В дверь тихонько постучали, зазвучал звонкий голосок Чибиусы. Альбом был возвращен на место, и Усаги, подавляя вздох, пошла в прихожую. Сейчас проснется младшая, Усаги покормит их, натянет на себя «кенгурушку» и пойдет гулять. Как долго и как быстро тянулся этот день… И все-таки здорово, что заходила Рей. Плохо, что не попрощалась. Усаги было стыдно, что она каждый раз берет у Рей деньги, но что поделать, если такая у нее жизнь? Может, если получится, то и на сладости хватит. И на сапоги, если купить не новые. И на погремушку для Чиби-Чиби. Спасибо за это Рей. Усаги ничего не могла с собой поделать — это все Рей, которой она была так благодарна за все и так за все завидовала…
Рей бежала по ступеням вниз так быстро, как будто действительно кто-то гнался за ней.
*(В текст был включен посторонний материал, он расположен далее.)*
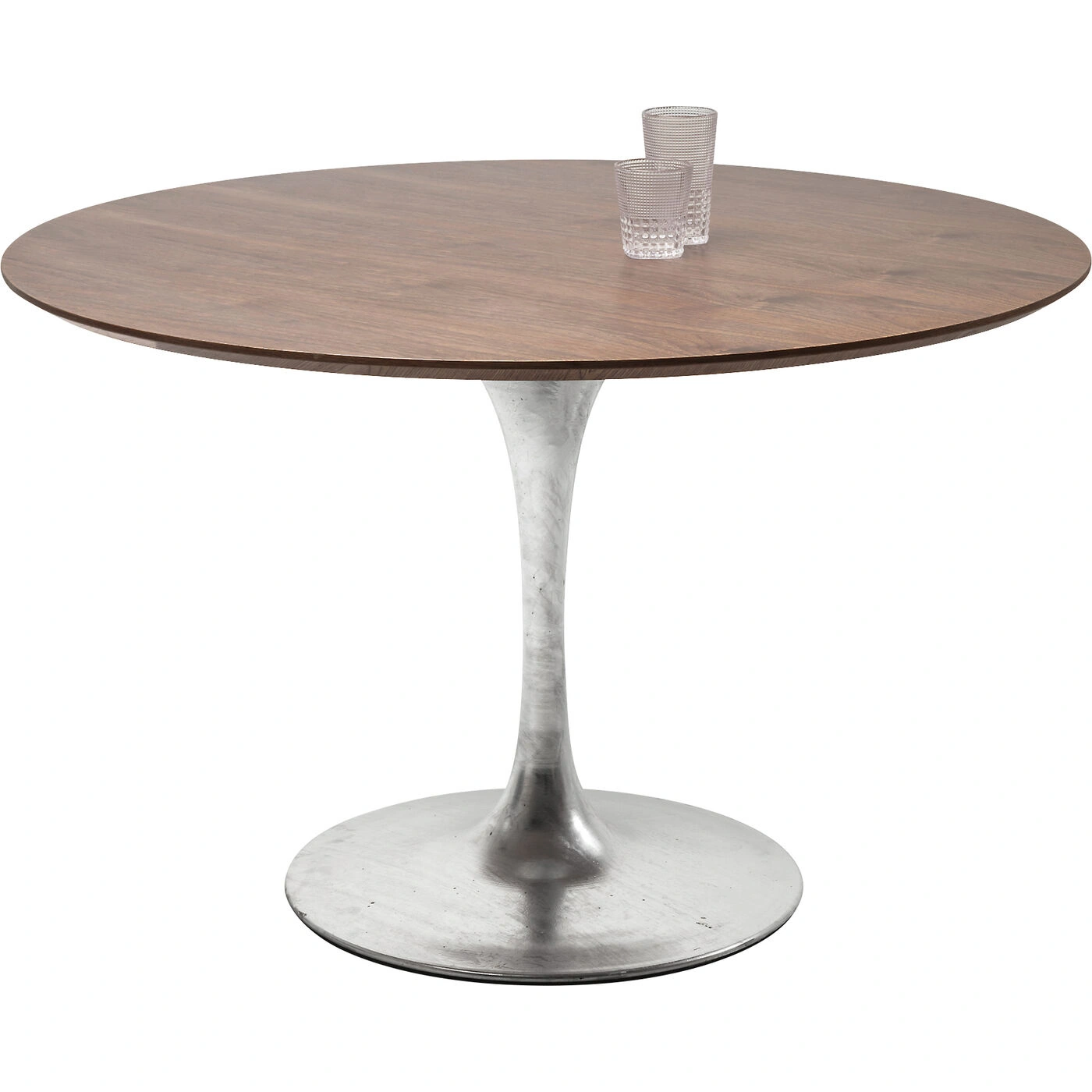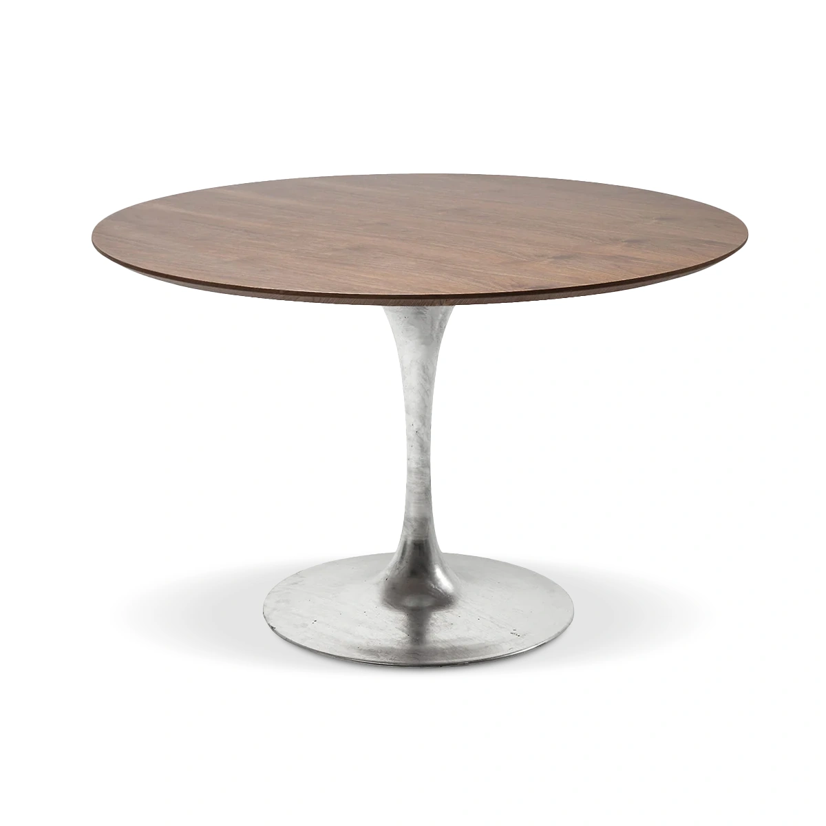 The real wood walnut veneer top offers warmth and sophistication, while the galvanized steel tulip base provides lasting stability. Its 120cm diameter comfortably seats four, making it ideal for family gatherings or collaborative meetings. The classic round design from the Invitation table series saves space, adds harmony, and enhances small dining areas with a light, inviting look.

Непонятное бормотание голосов, пьяная ругань, пугающие ее шорохи, доносившиеся из-за хлипких фанерных дверей, неприятные запахи кошачьих экскрементов, дешевой сигаретной вони и протухшей еды, выставленной на площадки в мусорных ведрах — ей казалось, что все это преследует ее и после того, как она выскочила из этого грязного отвратительного подъезда на свежий воздух и принялась жадно дышать им. Опустилась на краешек деревянной скамьи, из которой была выдрана доска. Шофер тут же выскочил из машины, распахнул было перед ней дверцу, но Рей только покачала головой — ей хотелось еще хотя бы пару минут побыть одной, подышать полной грудью, просто подумать…
Дом был старым, обшарпанным, требующим даже не ремонта, а умоляющим о сносе. Во дворе сорняки и остов сгоревшей машины. Ржавая детская горка, качели без сиденья, несколько чахлых деревьев, пробивших себе жизнь сквозь раскрошившийся асфальт. Впрочем, дома, что виднелись неподалеку, выглядели ничуть не лучше. Зачем она раз в месяц приезжает сюда? Она, жена олигарха, известного нефтяного магната, который по щелчку скучающих пальцев может за пять минут снести этот Гарлем с лица земли и превратить его в новый элитный микрорайон? Сама она, правда, ничего этого не может, но это к делу не относится. Это все фантики.
Итак, зачем? Рей откинула назад тяжелую прядь вороных волос, летом было жарко и ей давно хотелось подстричься, избавиться от этих по-детски распущенных по плечам и спине локонов, но мужу они нравились, и он был категорически против. Зачем она здесь, мозг сверлила мысль, когда она вспоминала взгляд Усаги — чего в нем было больше: радости или жгучей зависти к ее новым туфлям и сумке?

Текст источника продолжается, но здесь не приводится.